Question

Exercise 9.3 .6 Show that the only subspaces of \(V\) that are \(T\) -invariant for every operator \(T: V \rightarrow V\) are 0 and \(V\). Assume that \(V\) is finite dimensional.

Short answer

The only \( T \)-invariant subspaces of \( V \) are \( \{ 0 \} \) and \( V \).

Step-by-step solution

Understanding Subspaces and T-invariance

A subspace of a vector space \( V \) is a subset that is closed under addition and scalar multiplication. A subspace \( W \subseteq V \) is said to be \( T \)-invariant if applying the linear operator \( T \) on any vector in \( W \) results in another vector that is still in \( W \). We need to show that only the trivial subspace \( \{ 0 \} \) and \( V \) itself are \( T \)-invariant for every operator \( T \).

Proving the Subspace \( \{ 0 \} \) is \( T \)-Invariant

Consider the subspace \( \{ 0 \} \). For any \( T: V \rightarrow V \), \( T(0) = 0 \). Hence, \( \{ 0 \} \) is \( T \)-invariant because applying \( T \) to any vector in \( \{ 0 \} \) results in the vector 0, which is still in \( \{ 0 \} \).

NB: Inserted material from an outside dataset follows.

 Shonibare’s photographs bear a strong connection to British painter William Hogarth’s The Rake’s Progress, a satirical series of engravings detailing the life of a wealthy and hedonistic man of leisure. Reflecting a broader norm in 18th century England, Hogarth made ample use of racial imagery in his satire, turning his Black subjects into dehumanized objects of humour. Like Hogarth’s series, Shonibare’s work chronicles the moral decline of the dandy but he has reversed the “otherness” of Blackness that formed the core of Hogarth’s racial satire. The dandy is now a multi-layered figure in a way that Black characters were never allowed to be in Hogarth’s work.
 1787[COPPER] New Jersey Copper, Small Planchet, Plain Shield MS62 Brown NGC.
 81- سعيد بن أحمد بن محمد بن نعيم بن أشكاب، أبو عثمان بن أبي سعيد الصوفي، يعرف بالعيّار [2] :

Proving the Subspace \( V \) is \( T \)-Invariant

Consider the subspace \( V \). For any linear operator \( T: V \rightarrow V \), every vector \( v \in V \) maps to another vector \( T(v) \in V \). This shows \( V \) is trivially \( T \)-invariant since nothing is mapped outside of \( V \).

Suppose there is a Non-Trivial \( T \)-Invariant Subspace

Assume there exists a non-trivial \( T \)-invariant subspace \( W \) such that \( \{ 0 \} \subset W \subset V \). By the definition of \( T \)-invariance, for any vector \( w \in W \) and any \( T \), \( T(w) \in W \).

Using the Arbitrary Nature of \( T \)

Since \( T \) is arbitrary and \( W \) is \( T \)-invariant for every \( T \), for any basis vector \( v_i \) of \( V \), we can construct a \( T \) such that \( T(v_i) ot\in W \) unless \( W = V \). Hence, a contradiction arises unless \( W = \{ 0 \} \) or \( W = V \).

Concluding the Proof

By utilizing the fact that for any assumed\( W \) being \( T \)-invariant makes \( W = \{ 0 \} \) or \( W = V \) due to our construction, we conclude that the only possible \( T \)-invariant subspaces are the trivial ones: \( \{ 0 \} \) and \( V \).

Key concepts

Subspaces

In the study of linear algebra, a subspace is essentially a space within a vector space itself. Let's break it down: A subspace of a vector space \( V \) is a smaller collection of vectors within \( V \) that maintains specific properties. These properties are:

• Closure under addition: If you take any two vectors in the subspace and add them together, the result is still in the subspace.
• Closure under scalar multiplication: If you multiply any vector in the subspace by a scalar (a constant), the resulting vector is still in the subspace.

For example, if \( V \) is a plane in three-dimensional space, then a line through the origin that lies in this plane is an example of a subspace. Subspaces are vital as they allow us to simplify complex problems by focusing on smaller, more manageable parts of the vector space.

Finite Dimensional Vector Spaces

A finite dimensional vector space is one that has a finite basis. To understand this, we need to know what a basis is. In simple terms, a basis of a vector space \( V \) is a set of vectors that are:

• Linearly independent: None of the vectors in the set can be formed by a combination of the others.
• Span \( V \): Every vector in \( V \) can be expressed as a linear combination of the basis vectors.

The dimension of \( V \) is the number of vectors in this basis. For instance, the standard three-dimensional space has a basis with three vectors, and so it is three-dimensional. This concept is crucial because it helps us understand the structure and properties of vector spaces. Finite dimensional vector spaces are particularly significant because they often pop up in practical applications, ranging from engineering to physics.

T-invariant Subspaces

A subspace \( W \) of a vector space \( V \) is \( T \)-invariant if it remains unchanged when a linear operator \( T \) is applied to any vector within this subspace. Essentially, applying \( T \) to a vector in \( W \) results in another vector that still belongs to \( W \).

Why is this concept important? \( T \)-invariant subspaces help us to simplify linear transformations by focusing on a smaller set of possibilities. In the context of finite dimensional vector spaces, it is fascinating to note that the only universally \( T \)-invariant subspaces for every operator \( T \) are the zero vector \( \{ 0 \} \) and \( V \) itself.

This means that no matter what transformation you apply, if a subspace remains invariant, it must essentially be either everything or nothing. This idea reduces complexity significantly in the realm of linear algebra and makes handling operators much more structured.